Dexter McCluster – WR/RB, Titans
His loss could be largely offset by the addition of De'Anthony Thomas.
Branden Albert – OT, Dolphins
The Pro Bowler's exit leaves the Chiefs looking for answers on the offensive line.
Tyson Jackson – DE, Falcons
The Chiefs opted not to re-sign the former first-round pick after five solid seasons.
A BACKUP PLAN
In his first campaign with the Chiefs, quarterback Alex Smith put together his finest season as a pro in 2013, passing for 3,313 yards and throwing 23 touchdowns. He is, however, scheduled to become a free agent in 2015, and with contract talks stalling, the Chiefs invested in an insurance policy in the fifth round of the 2014 draft, namely Aaron Murray, who is bouncing back from an ACL injury. Murray lacks ideal size, but he was productive in college and once his knee is up to speed, he'll provide the Chiefs with a quarterback to develop within Andy Reid's system. If contract negotiations with Smith fall through and the Chiefs decide to let the veteran hit the open market, Murray could conceivably find himself vying with the likes of Chase Daniel and Tyler Bray to be the team's No. 1 signal-caller as soon as next year.
The Chiefs' rushing attack averaged 128.5 yards a game last season, thanks in large part to the efforts of star running back Jamaal Charles and a solid performance from the offensive line. Charles notched a career-high 12 touchdowns on the ground, while gaining 1,287 rushing yards in his first year working under coach Andy Reid. Meanwhile, rookie Knile Davis emerged as the clear backup behind Charles. He rushed for a combined 148 yards on 45 carries and three rushing touchdowns when given added opportunities in Week 17 and the Chiefs' playoff loss to the Colts. The Chiefs' offensive line was hit hard by free agency after the season. Guards Jon Asamoah, Geoff Schwartz and Pro Bowl left tackle Branden Albert all signed elsewhere this offseason. To help patch the holes in the offensive line, the Chiefs signed Jeff Linkenbach, whose versatility and starting experience should add much needed O-line depth, and second-year player Eric Fisher will move back to his more natural position of left tackle.
TIME TO STEP UP
Last March, Dwayne Bowe signed a lucrative five-year $56 million deal with the Chiefs. He responded by hauling in a modest total of 57 receptions on 103 targets for 673 yards and five touchdowns in 15 games. Bowe, however, wasn't the only underachiever in the Chiefs' passing game. Outside of running back Jamaal Charles, not a single player on the team's offense had more than the above-mentioned 57 receptions, and only two players (Bowe and Dexter McCluster) had more than 50 receptions on the season. With a little improvement from Bowe and fellow wideouts Donnie Avery and A.J. Jenkins, along with the potential emergence of tight end Travis Kelce and draftee De'Anthony Thomas, the Chiefs' attack could field enough steady options to resuscitate the team's passing game in 2014.

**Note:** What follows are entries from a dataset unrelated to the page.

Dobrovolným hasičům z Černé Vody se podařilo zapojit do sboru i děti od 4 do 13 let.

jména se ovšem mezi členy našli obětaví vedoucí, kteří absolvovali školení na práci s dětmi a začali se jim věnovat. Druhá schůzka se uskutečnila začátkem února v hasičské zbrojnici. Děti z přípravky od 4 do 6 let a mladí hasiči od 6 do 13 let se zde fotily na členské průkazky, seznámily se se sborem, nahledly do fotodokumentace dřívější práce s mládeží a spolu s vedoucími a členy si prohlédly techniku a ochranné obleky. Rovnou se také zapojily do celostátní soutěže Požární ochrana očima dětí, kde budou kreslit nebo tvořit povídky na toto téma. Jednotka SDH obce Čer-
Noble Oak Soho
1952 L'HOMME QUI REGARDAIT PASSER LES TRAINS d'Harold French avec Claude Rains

Rising: Assuming he bounces back from knee woes, Travis Kelce could thrive in a Chiefs' passing attack that makes a living off of short-to-intermediate routes.

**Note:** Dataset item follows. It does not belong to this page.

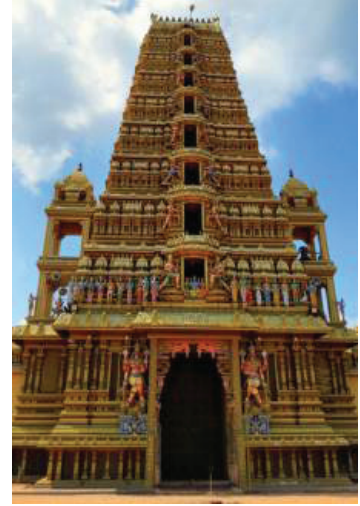
உடப்பு திரௌபதை அம்மன் ஆலயம்

ஏனெனில் திரௌபதி அம்மன் வழிபாடு பல்லவர் காலத்தில் திரௌபதிக்கு ரதக் கோயில் எடுத்து வழிபட்டதிலிருந்தும் விஜய நகர நாயக்கர் காலத்திலும் இவ்வழிபாடும் இதனோடு இணைந்த காளியாட்டமும் காணப்பட்டமையாகும். ஈழத்தில் காணப்படும் திரௌபதி அம்மன் ஆலயங்கள் என்ற வகையில் மட்டக்களப்பு பிரதேசத்திலே தான் கூடுதலாகக் காணப்படுகின்றன. அவ்வாறான ஆலயங்களுள், பாண்டிருப்பு திரௌபதியம்மன் ஆலயம், ஆரையம்பதி திரௌபதியம்மன் ஆலயம், பழுகாமம் திரௌபதியம்மன் ஆலயம், புதூர் திரௌபதியம்மன் ஆலயம், புளியந்தீவு திரௌபதியம்மன் ஆலயம் மட்டக்குழி திரௌபதியம்மன் ஆலயம் என்பன குறிப்பிடத்தக்கன. இவற்றை விட புத்தளம் மாவட்டத்தின் உடப்பு என்ற கிராமத்திலுள்ள திரௌபதியம்மன் ஆலயமும் சிறந்த ஆலயமாகக் கருதப்படுகின்றது. இவ்வாறான திரௌபதியம்மன் ஆலயங்களின் சடங்கை ஆற்றுப்படுத்துவோர் பூசாரி என்றே அழைக்கப்படுவார். ஆனால் பழுகாமம் திரௌபதி அம்மனை ஆற்றுப்படுத்துவோர் நம்பியார் என்றே அழைக்கப்படுவார்.

Declining: Although Anthony Fasano is the best blocking tight end on the roster, his fantasy upside may be hampered by the potential emergence of Kelce.
Sleeper: With Dexter McCluster gone, De'Anthony Thomas should fill in, not just as a returner, but also as an occasional slot receiver due to his big-play ability.
Supersleeper: The Chiefs failed to add any significant players at wide receiver, giving A.J. Jenkins – a 2012 first-rounder – an opportunity to finally emerge as a factor.
Tamba Hali - LB
The elite pass rusher has recorded 32 sacks over the past three seasons.
Justin Houston - LB
Missed five games last season, but still managed to rack up 11 sacks.
Eric Berry - S
A turnover machine who ranks as one of the NFL's top playmakers at his position.